Share your dilemmas and get honest opinions from other Mumsnetters.

AIBU to feel hurt that DH watches porn while I'm postpartum?

161 replies

MyNavyFish · 18/04/2026 12:05

I have an 8 month DS and have suffered from PND and PNA. My DH works unsociable hours and has been working more as my SMP will stop.

Since giving birth my self confidence is at an all time low. I had a complicated birth resulting i an emergency C-section and was poorly after. I have severe hair loss, terrible cystic acne and as I have DS on my own all the time I have no time for self care like hair, make up and nails. My body has changed and I have no idea what to wear.

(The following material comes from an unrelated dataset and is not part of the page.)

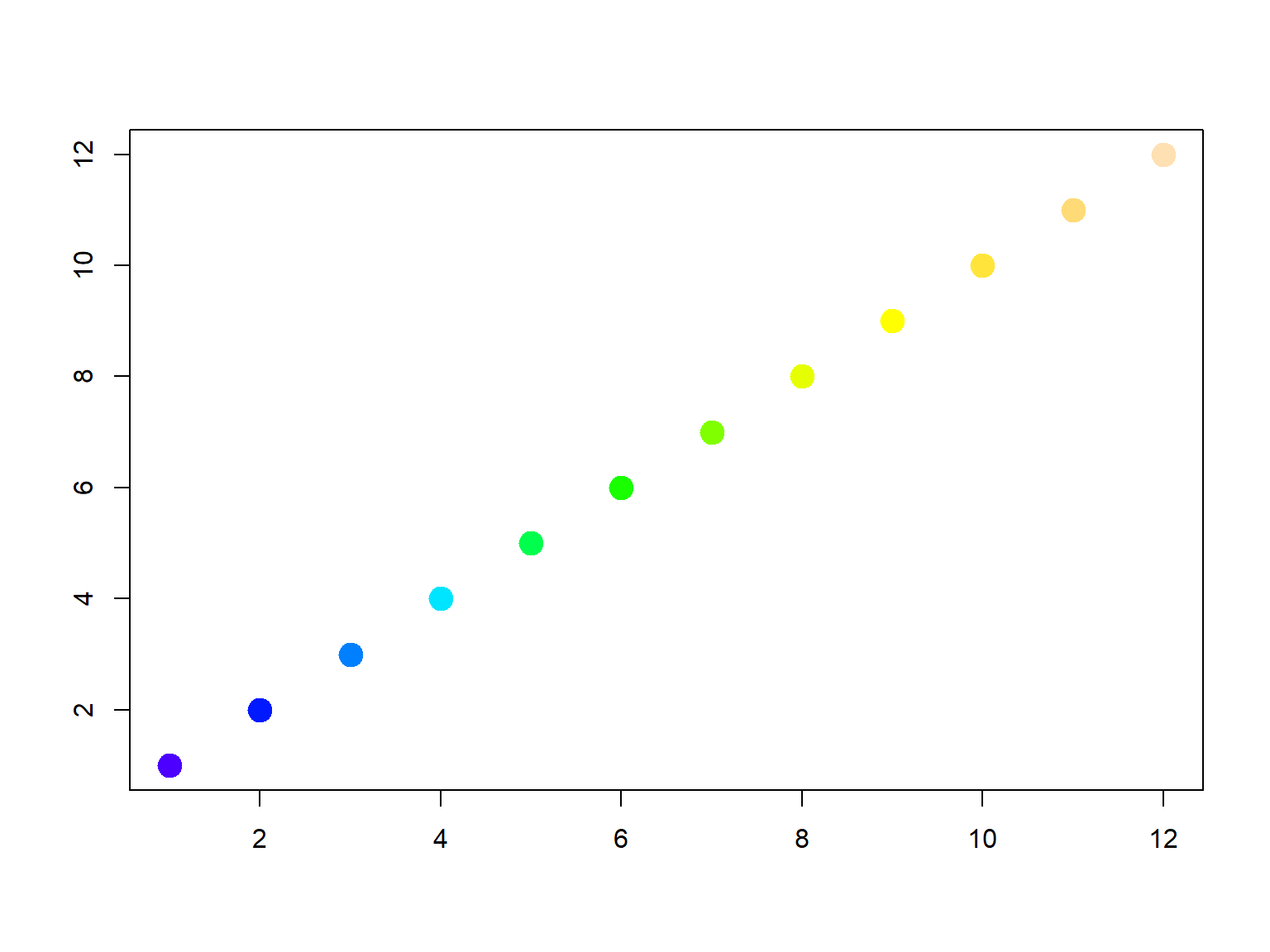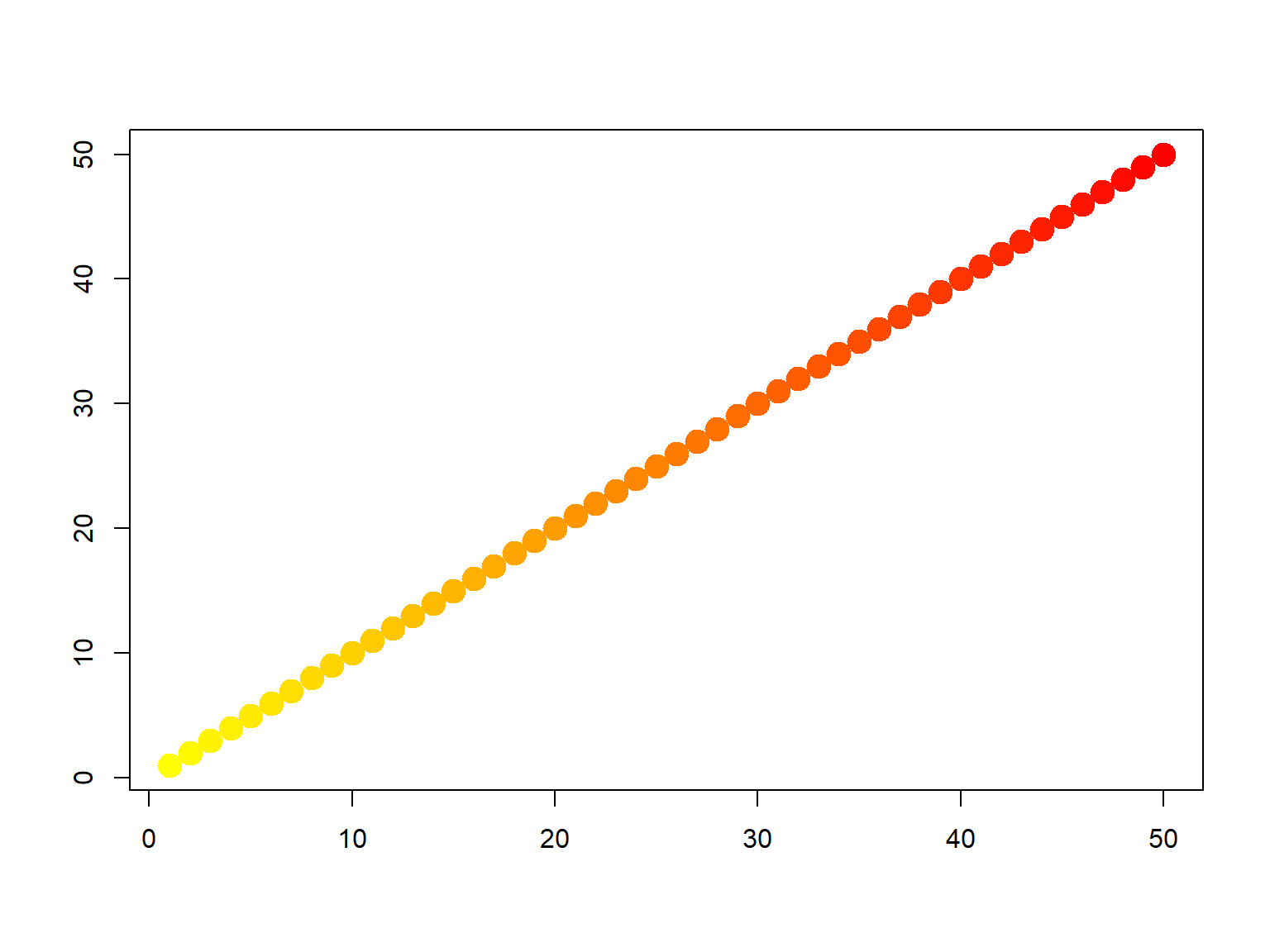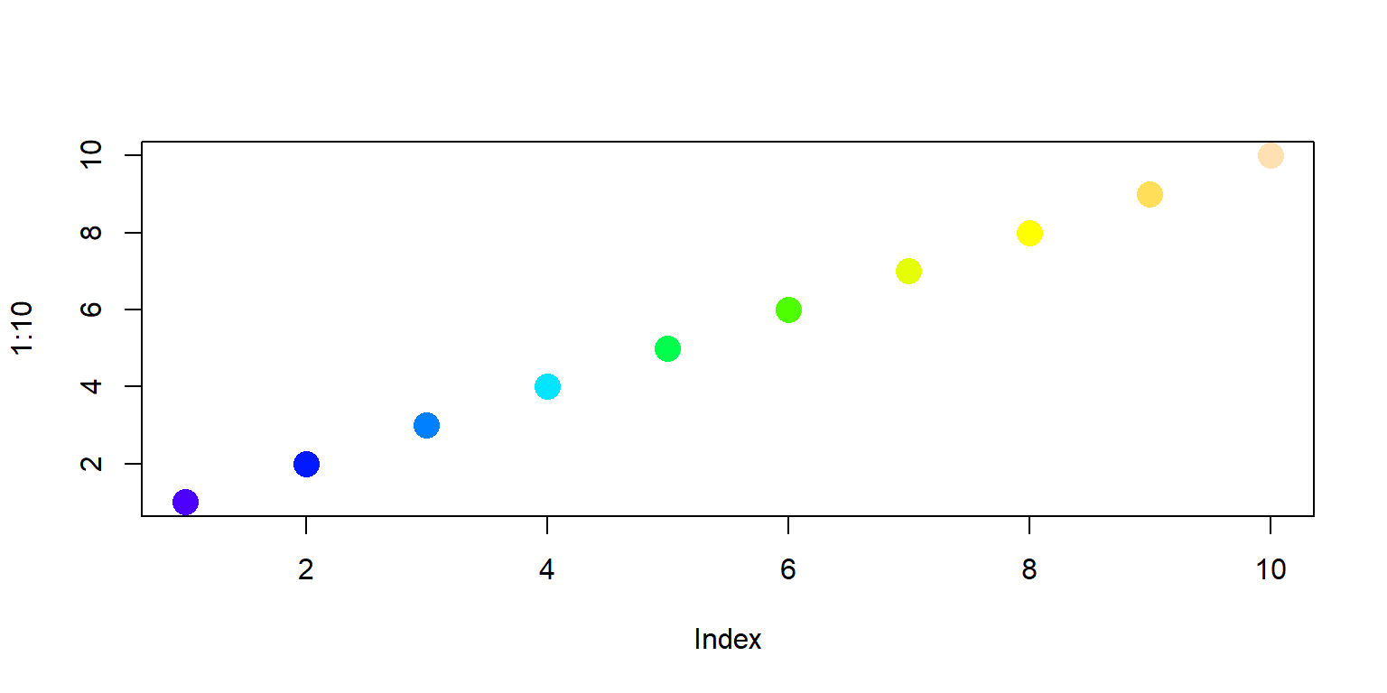 Usually, you can also pass a vector of color values, which R will use to color features separately (repeating the color values as needed). R has several built-in functions that return vectors of colors. Color palettes where there color blend into each other are known as Color Ramps.

At night when DS goes to bed I'm exhausted and after tidying up and washing/sterilising/eating I go to bed too.

My sex drive is pretty much non existant but I've explained to DH why I feel this way. He is always making comments about not getting any albeit they are not nasty.

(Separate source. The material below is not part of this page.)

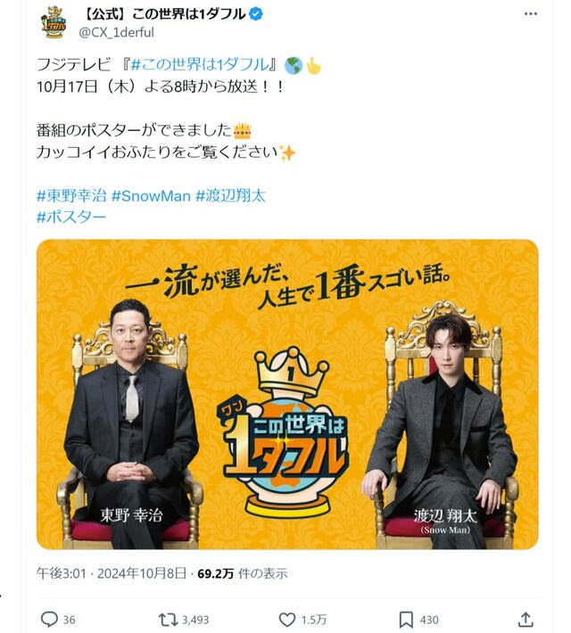 20~30代が「好きじゃない芸人MC」、大活躍の若手でもあるかまいたち・濱家を抑えたベテランは【トップ3】 ピンズバNEWS編集部 2025.1.10 お笑い (4/4ページ) 1ページ目から読む ■【画像】「好きじゃない芸人MC」、かまいたち・濱家を抑えたトップのベテラン芸人 東野幸治は、2024年10月にSnowMan渡辺翔太とMCを務める『この世界は1ダフル』(フジテレビ系)もスタートした。 この世界は1ダフル【公式】X(@CX_1derful)より この画像の記事を読む 1 2 3 4

Yesterday DS and I were going out and I forgot his bag. The front door was already locked and DH was running up the stairs carrying his VR headset. I knew instantly that he was going to watch porn. I just said, "I know what you're doing " and left. Neither of us have mentioned it since.

I feel so sad. I understand he has sexual urges but my self confidence is so low and the fact he is imagining sex with other women who have beautiful bodies makes me feel even worse.

AIBU?

OP posts:
WallyHilloughby · 18/04/2026 19:00

The absolute pick mes this subject always brings out.
you are allowed to have any boundary in your relationship

Fantomfartflinger · 18/04/2026 19:01

EstherGreenwood63 · 18/04/2026 15:12

I suspect this is one of the many menz chipping in. Like catnip to them threads like this. Tragic.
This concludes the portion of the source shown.